• What is expected: Exactly and only the lines from the first entry through the line with "Số hợp tuổi theo" should be copied, both ends included, with no pictures.

+++ Records provided

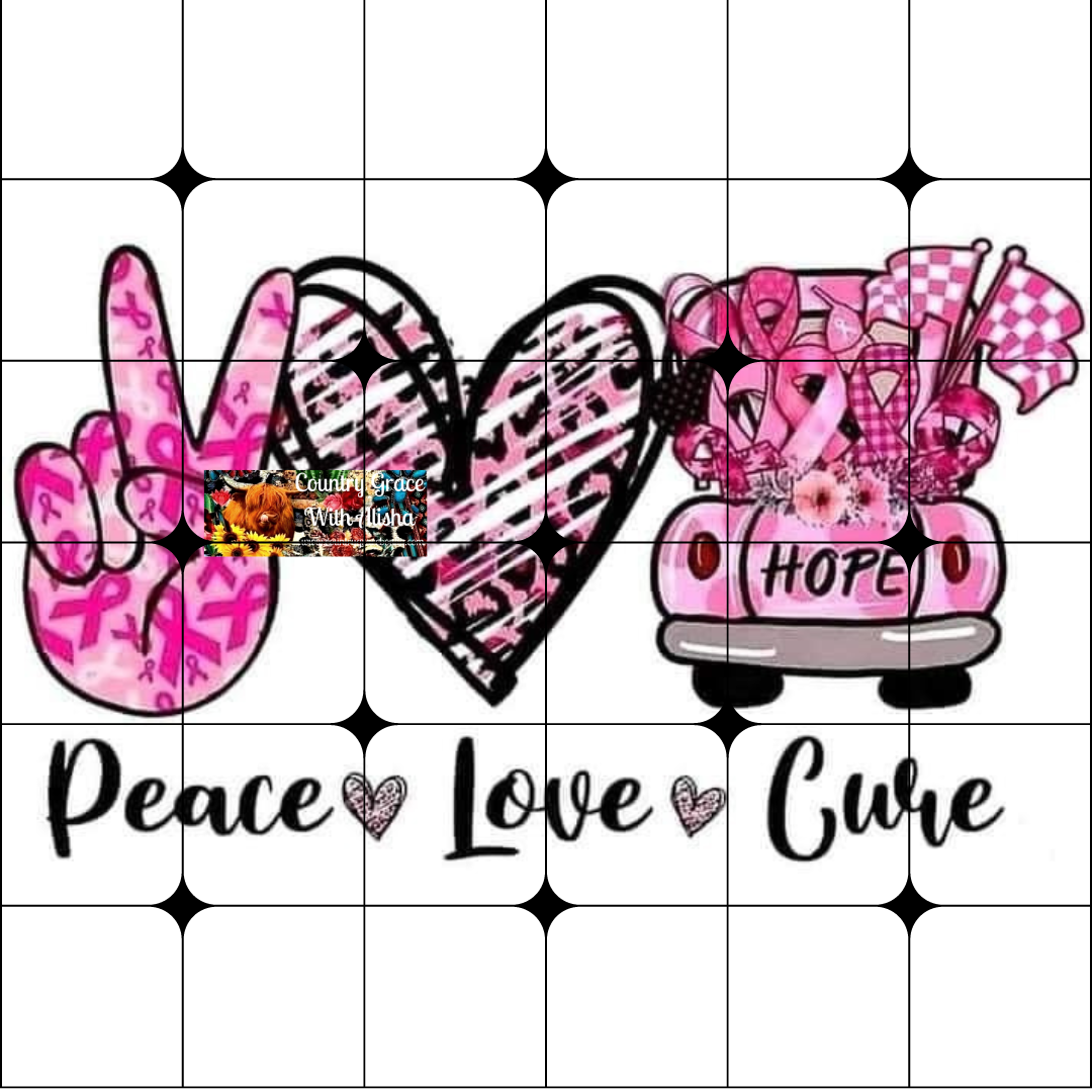 Peace Love Cure Breast Cancer Ready to Press Sublimation Transfer
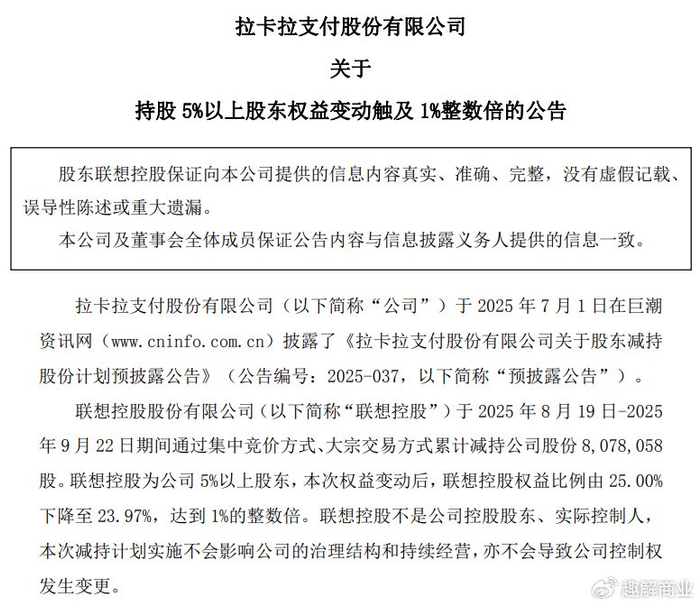 近日,拉卡拉发布公告,称股东联想控股于2025年8月19日-2025年9月22日期间通过集中竞价方式、大宗交易方式累计减持公司股份8,078,058股。联想控股为公司 5%以上股东,本次权益变动后,联想控股权益比例由 25.00%下降至 23.97%。
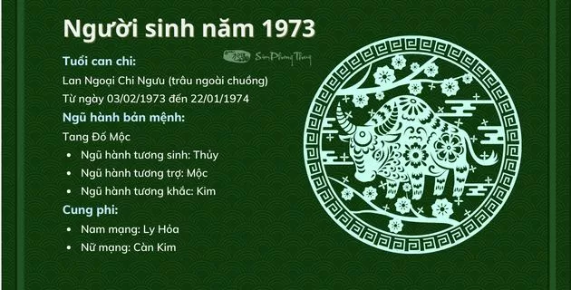 Số hợp tuổi theo mệnh niên: Người sinh năm 1973 ngũ hành nạp âm Tang Đố Mộc nên sẽ hợp với các con số thuộc ngũ hành Thủy (tốt nhất) và ngũ hành Mộc (khá tốt). Cụ thể số hợp tuổi 1973 theo mệnh niên gồm: số 0, số 3 và số 4.
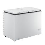 Freezer horizontal. Volumen bruto 417. Volumen neto 414. Eficiencia energetica B. Desagote frontal. Funciones: control de temperatura electronico. Minimo - Maximo - Medio (5 niveles de temperatura + Super Frio). Funcion fast freezing: con esta funcion super frio se puede acelerar el enfriamiento de los alimentos y bebidas cada vez que sea necesario. Mayor frescura y mejor conservacion asegurada. Panel led. Para mayor seguridad en el hogar, cuenta con llave en la puerta. Gran resistencia: Interior fabricado con aleacion de metal de alta resistencia a la corrosion. Easy clean: Facil de limpiar con el desague frontal, simplemente se debe colocar un recipiente debajo del desague para recoger el hielo derretido. 4 Ruedas. 2 Puertas. Estante de alambre en acero. Cycle frost.
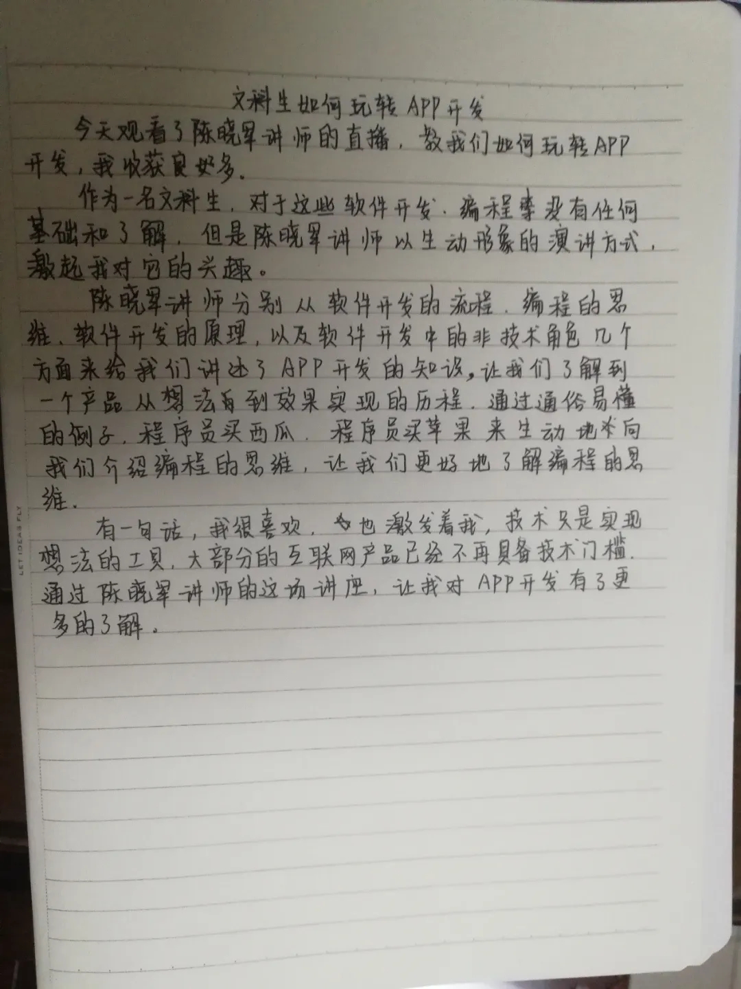 雷声滚滚,大雨如注,伴随第一场大雨的结束,我们迎接了夏天的到来。一月离开华商学院,如今已是五月下旬,线上学习仍在继续,然而学无止境,同学们不曾停止学习的脚步,华商也不断为同学们提供一次次新的学习机会。5月21日20:00,由陈晓军老师带来的网络直播课“文科生如何玩转APP开发”,为同学们打开新的学习视角,下面让我们一起回顾这场网络直播课的精彩瞬间吧!
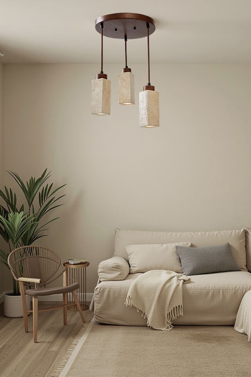 Candeeiro suspenso em travertino com revestimento em madeira - Natural - 3 x 10 W
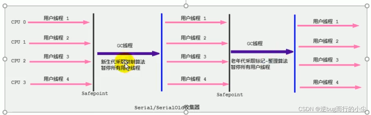 - 在进行GC时,需要停止整个应用的进程,导致用户体验差
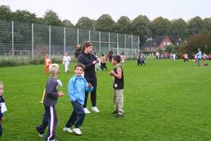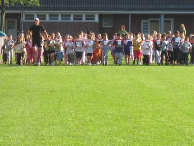 Nach der Begrüßung durch Frau Wulf-Fechner motivierte der Organisator Herr Schönen die Schüler durch ein paar launige Sprüche, bevor er den Startschuß zum diesjährigen Run and Fun Wettbewerb gab
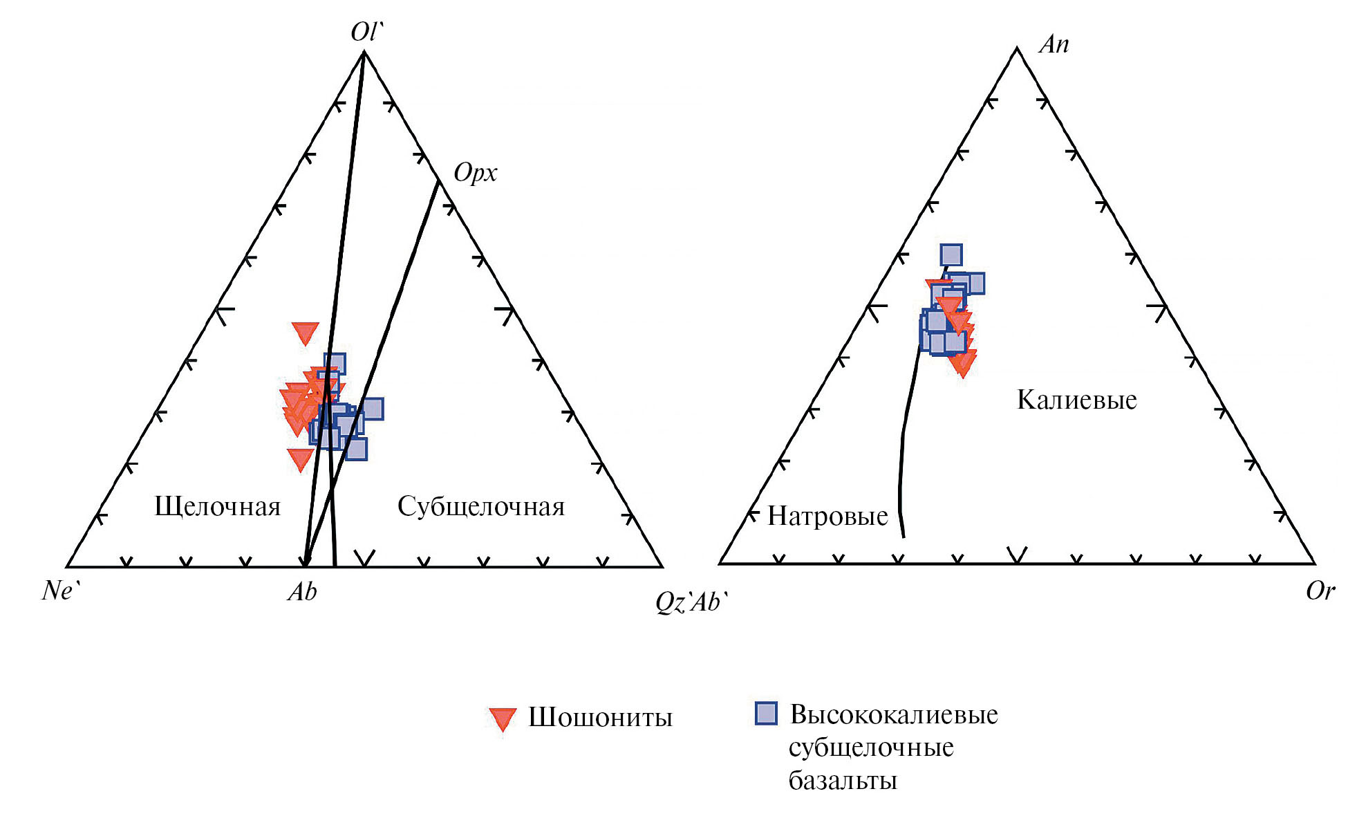 Авторами изучена наиболее представительная в настоящее время коллекция базальтов вулкана Алаид (см. Supplementary 1, ESM_1–Supplementary 3, ESM_3; рис. 2). Это позволило выделить два петрохимических типа – высококалиевые субщелочные базальты и Ne-нормативные шошониты (рис. 3), хотя на геохимических диаграммах между ними отсутствуют четкие границы (рис. 4а, 4б).
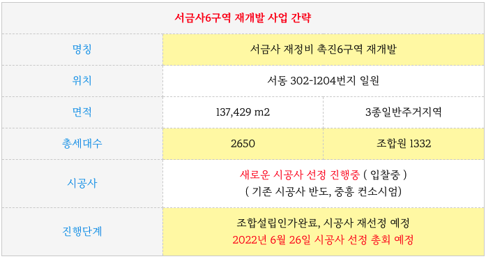 서금사6구역 재개발은 최근 시공사 변경 절차 진행 상황 입니다.
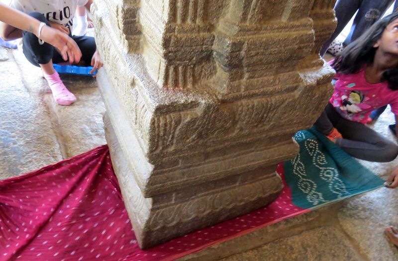 தூணுக்கும் தரைக்கும் இடையே உள்ள இடைவெளியை சோதிக்க, ஒரு துணியையும் வைக்கலாம். நீங்கள் கோவில் வளாகத்திற்குள் நுழையும் போது, கலாச்சார மற்றும் பழங்கால பொறியியல் அதிசயங்களை பார்க்கலாம். கோயில் சுவர்களில் தூண்கள் உட்பட பல்வேறு கடவுள் மற்றும் தெய்வங்களின் தெய்வங்கள் செதுக்கப்பட்டிருக்கும். பழங்கால இந்திய கலாச்சாரம் மற்றும் மரபுகளை வியக்க வைக்கும் வகையில் மேற்கூரை ஓவியங்கள் இடம்பெற்றுள்ளது.
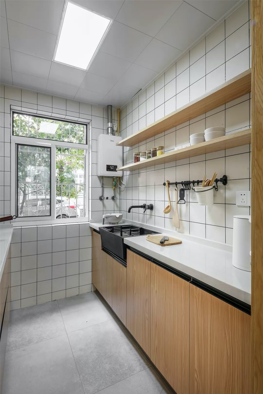 廚房是長(zhǎng)條型空間,兩側(cè)靠墻分別設(shè)計(jì)了櫥柜+吊柜組合,將油煙機(jī)藏進(jìn)吊柜中,小空間中線條保持一致,干凈利落、井然有序
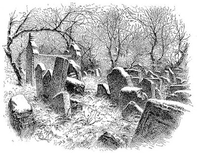 Lo primero que llama la atención a los héroes al acercarse a la ciudad de los 6 puentes es una serie de montículos y tumbas fuera de los muros. En esas tumbas, 5 lápidas rústicas llevan inscriptas el nombre de quienes estuvieron perdidos por semanas en el Bosque Encantado, lo que ya intriga a los pjs. ¿los dieron por muertos?
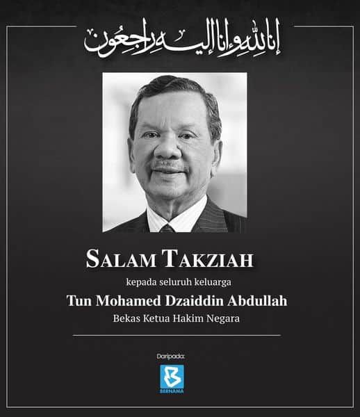 KUALA LUMPUR, 11 JULAI: Bekas Ketua Hakim Negara Tun Mohamed Dzaiddin Abdullah meninggal dunia pada usia 86 tahun di Hospital Prince Court malam ini.
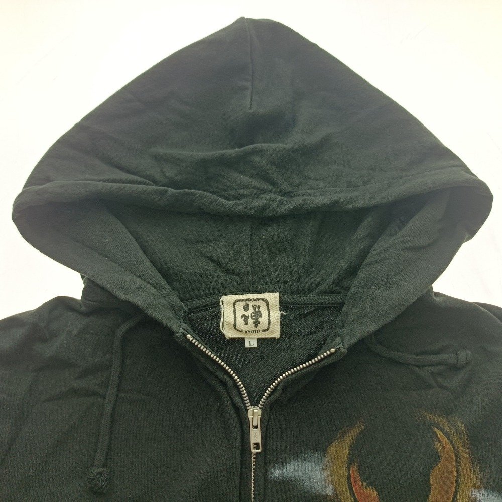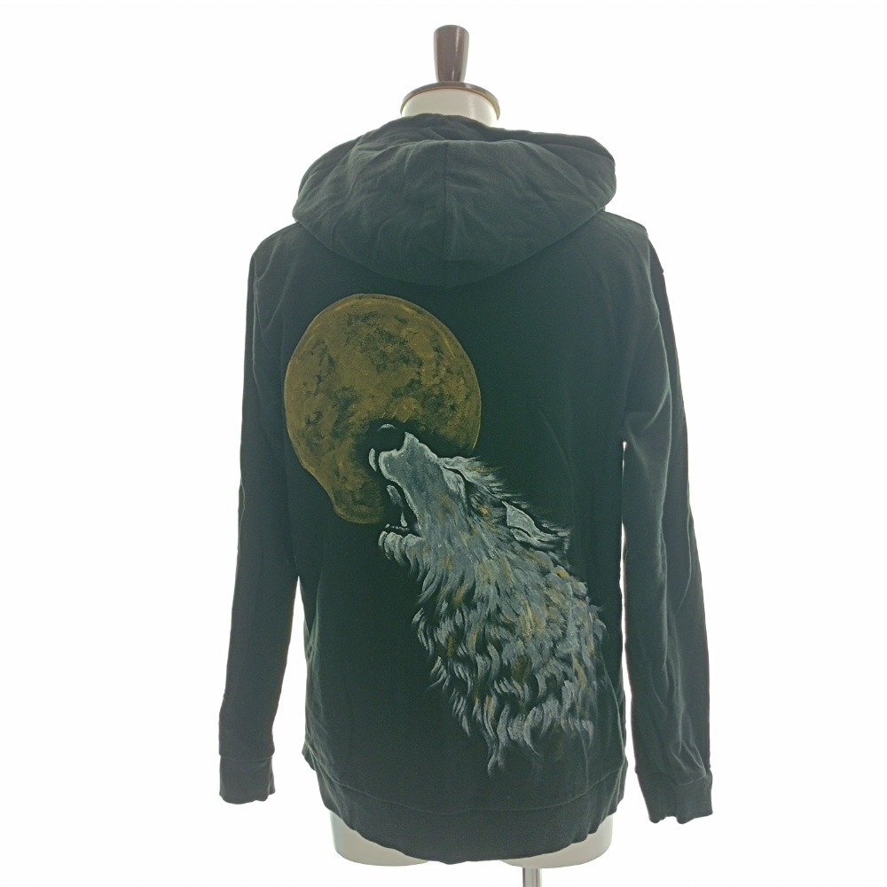 | 禅 ZEN 和柄 ペイント フーディー ジップアップパーカー サイズL 満月 オオカミ 夜 ブラック メンズ カジュアルファッション 中古 |
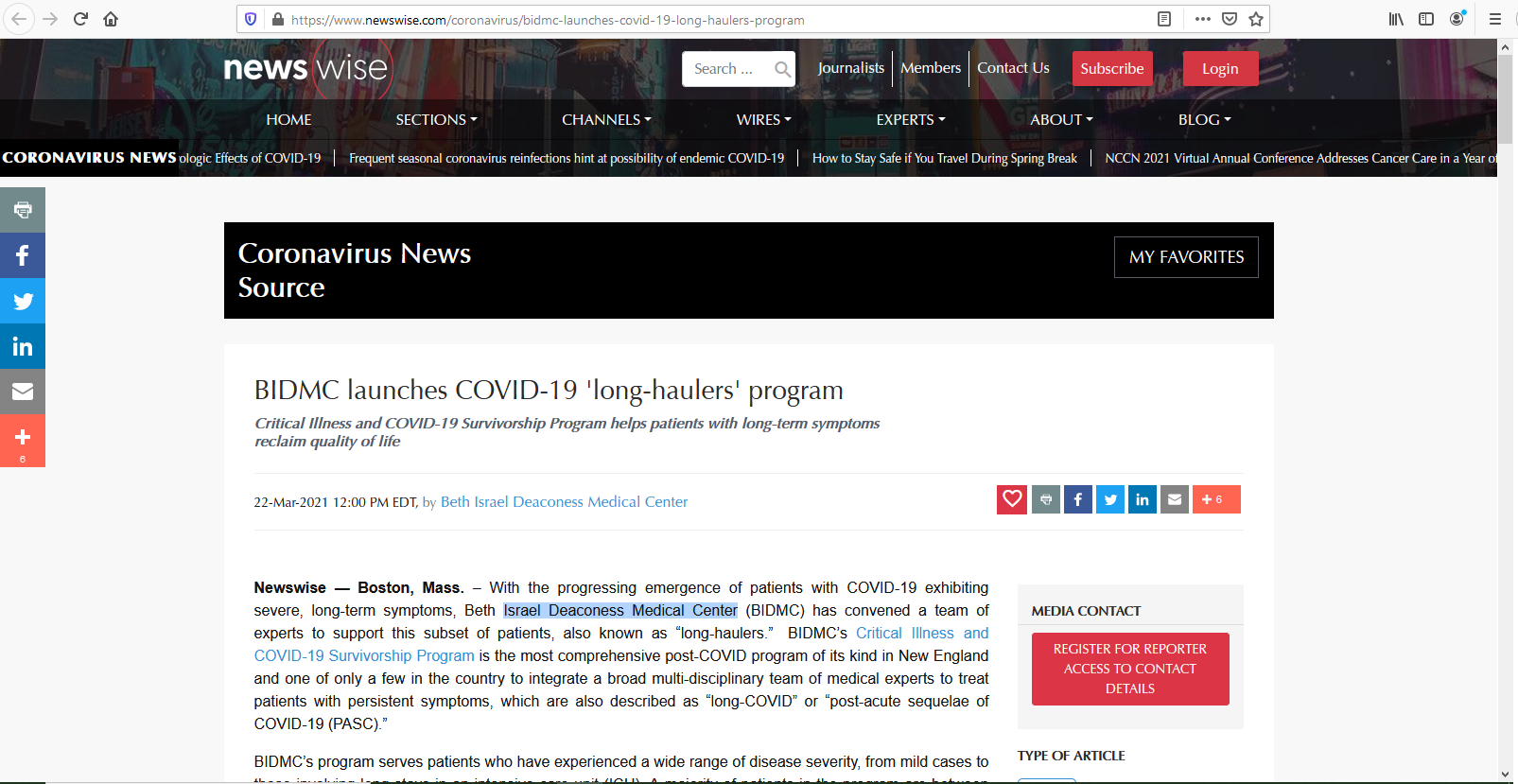 This article is about the new team at Beth Israel Deaconess Medical Center in Boston whose purpose will be to study and support Covid-19 patients with long-term symptoms. These "long-haulers" have an array of physical and mental problems after their recovery from Covid-19. Unfortunately, since research on this virus and it's effects are quite new, experts are still finding out more everyday. This team at BIDMC is one of a few multi-disciplinary teams in the country that is specifically established to provide comprehensive care to these "long-haulers." With so many people contracting Covid-19, teams like this will be critical in how we move forward. As a matter of public health, we need to better understand if there are physiological changes to things like our lung and airway structures, brains, and other organs from having Covid, and if they are permanently damaged or not. This team will not only help these patients, but also help discover important answers for the public as a whole.
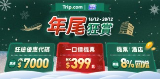【雙12聖誕激賞 Mega Sale】機票一口價$599起!酒店一口價$199起!$1,600高鐵及酒店優惠代碼、3,000 Trip Coins 回贈、買一送一玩樂門票
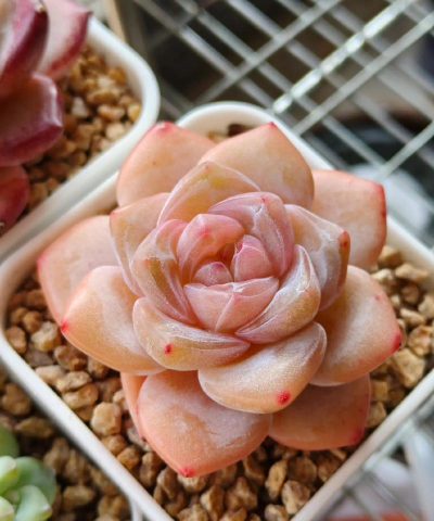 冰梅(Echeveria 'Iceberg'):叶片较薄,呈淡绿色或带有粉红调,有些品种会呈现橙色调。

++++++

• Answer:
 Peace Love Cure Breast Cancer Ready to Press Sublimation Transfer
 近日,拉卡拉发布公告,称股东联想控股于2025年8月19日-2025年9月22日期间通过集中竞价方式、大宗交易方式累计减持公司股份8,078,058股。联想控股为公司 5%以上股东,本次权益变动后,联想控股权益比例由 25.00%下降至 23.97%。
 Số hợp tuổi theo mệnh niên: Người sinh năm 1973 ngũ hành nạp âm Tang Đố Mộc nên sẽ hợp với các con số thuộc ngũ hành Thủy (tốt nhất) và ngũ hành Mộc (khá tốt). Cụ thể số hợp tuổi 1973 theo mệnh niên gồm: số 0, số 3 và số 4.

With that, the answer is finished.